Now, if triggers are really needed and important, your only resort would be asking the system administrator to create it, and then to modify it if it turns out to be wrong, and to drop it when you no longer need it. That's probably a task that the system administrator is not willing to burden himself with.

What then?

I remember that a few years ago I had a similar need. I was the administrator of a large human resources and finance database for a international organization. I was the only one who could physically create new users, but only the Chief of Personnel (CPO) or her deputies could authorize such creation. I did not want to give root privileges to the CPO, because, as much as I trusted her judgement, she had no technical computer skills, and besides, I did not feel confortable sharing my root password with anyone or creating a user with root prvileges.
For a few weeks I was creating users, and it was a tedious work, because there were about twenty different profiles, depending on the read/write accesses on personnel and financial matters. Then I worked out a solution that made everybody's life easier.
I created a table of user creation requests, with a front end for the CPO and her deputies, where they could fill in the request for a new user or for modifying/removing existing ones.
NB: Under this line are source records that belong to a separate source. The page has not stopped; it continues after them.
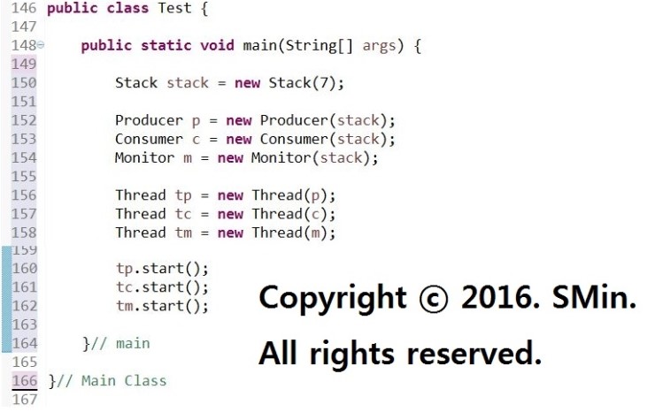 이 때, 세개의 쓰레드가 동일한 스택을 공유해야하기 때문에 스택을 파라미터로 준다.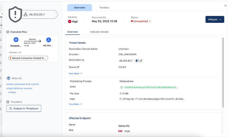 Native integration with Cyble data lake delivers timely threat context and actionable intelligence at machine speed, unifying threat intel with endpoint response.
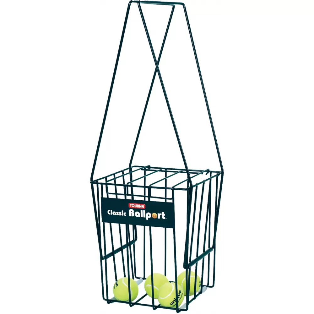 The Tourna Ballport Classic 70-Ball Tennis Ball Hopper securely holds and picks up 70 standard tennis balls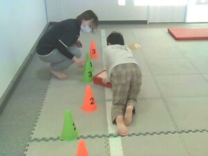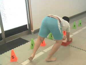 数字コーンを1・2・3の順にタッチしながらすすむよ!!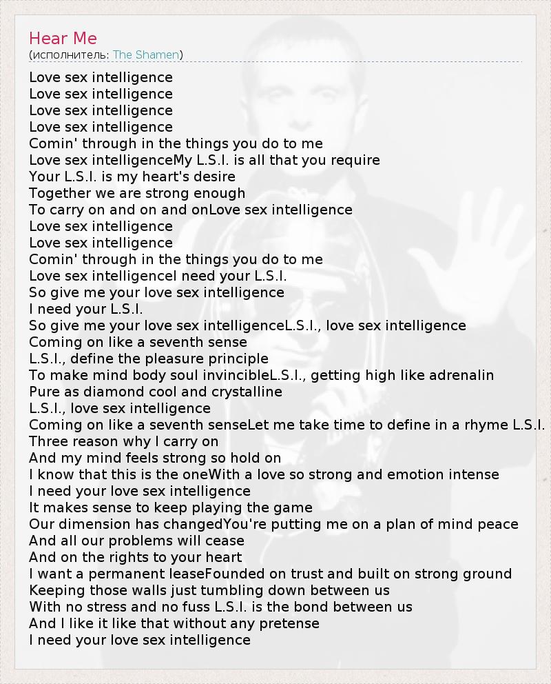 Love sex intelligenceI need your L.S.I.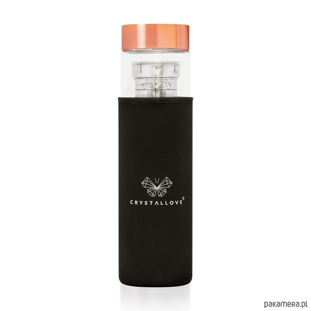 CRYSTALLOVE Szklana butelka na wodę i herbatę z kryształem górskim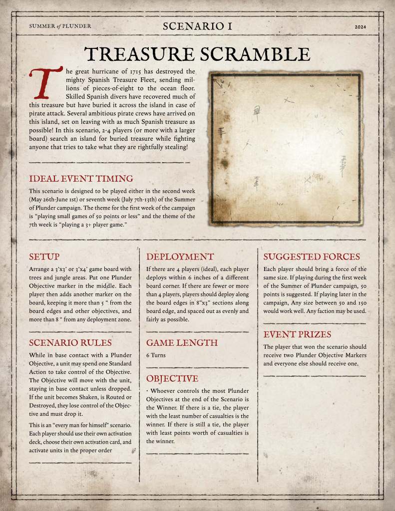 Specifically, there’s an intro page, a page with instructions for events during the campaign, a page for Oak & Iron events, and then 3 full Blood & Plunder scenarios designed for play during the Summer of Plunder campaign.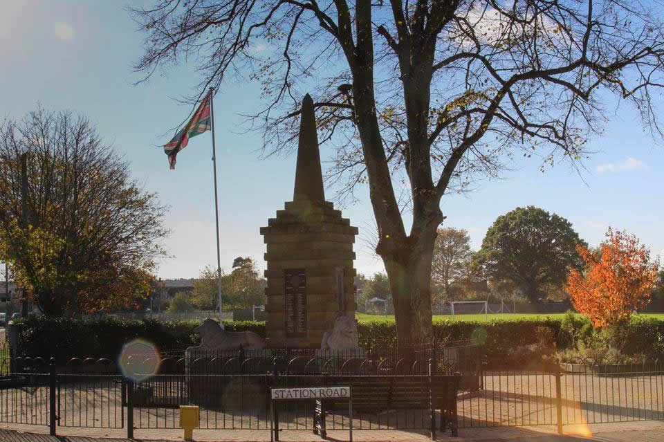 traffic lights. It takes the form of a small obelisk mounted on a layered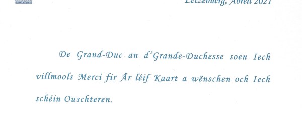 Royal response from Their Royal Highnesses The Grand Duke and Grand Duchess of Luxembourg on the occasion of Easter 2021. The reply is in the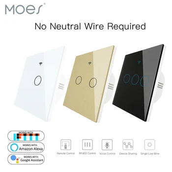 Smart switch no neutral Switch Interruptor WiFi RF433 Smart touch Switch Tuya Remote Control Single Fire Work with Alexa
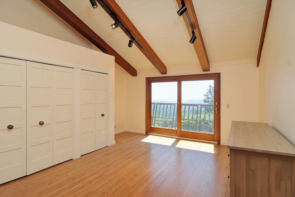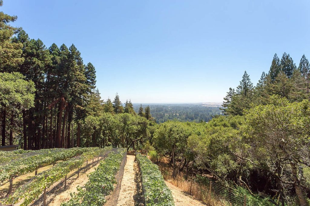 Nestled on a quiet cul-de-sac in Central Woodside, this Frank Lloyd Wright-inspired, 4-bedroom, 3-bath home provides spectacular views of Stanford University and the Santa Cruz Mountains. Vaulted, open-beam ceilings and floor-to-ceiling windows on the main floor open out to an expansive deck with hot tub, overlooking a backyard vineyard. Features of the home include a spacious living room and dining room separated by a pass-through fireplace, a chef’s kitchen with stained glass accent windows and a breakfast nook, lower-level den, and a family room with access to the vineyard. Experience this exceptional retreat just minutes from Woodside Village, Huddart Park, and Highway 280

The table contained the user name and department, and the profile to which (s)he was to be allowed.
A cron job every 30 minutes checked such table, and it fulfilled the request using a template for each profile, generatng a password for the user, who was then informed by e-mail about the new account, with the CPO in CC.
The system worked very well, and it had the side effect that my vacations could be planned with more freedom than before.
Remembering this experience, I thought that the same device could be applied to triggers, and here it is how it works.

Bending the rules

Assuming an organization like db4free, we have several databases, each one assigned to one user, who does not have powers on any other DB. Currently, these users can't create triggers. Each user who wants to use triggers should create a table named trigger_request with three mandatory fields: trigger_name, which is the name of the trigger, trigger_body, containing the query to create the trigger, and done, a numeric field with default to zero.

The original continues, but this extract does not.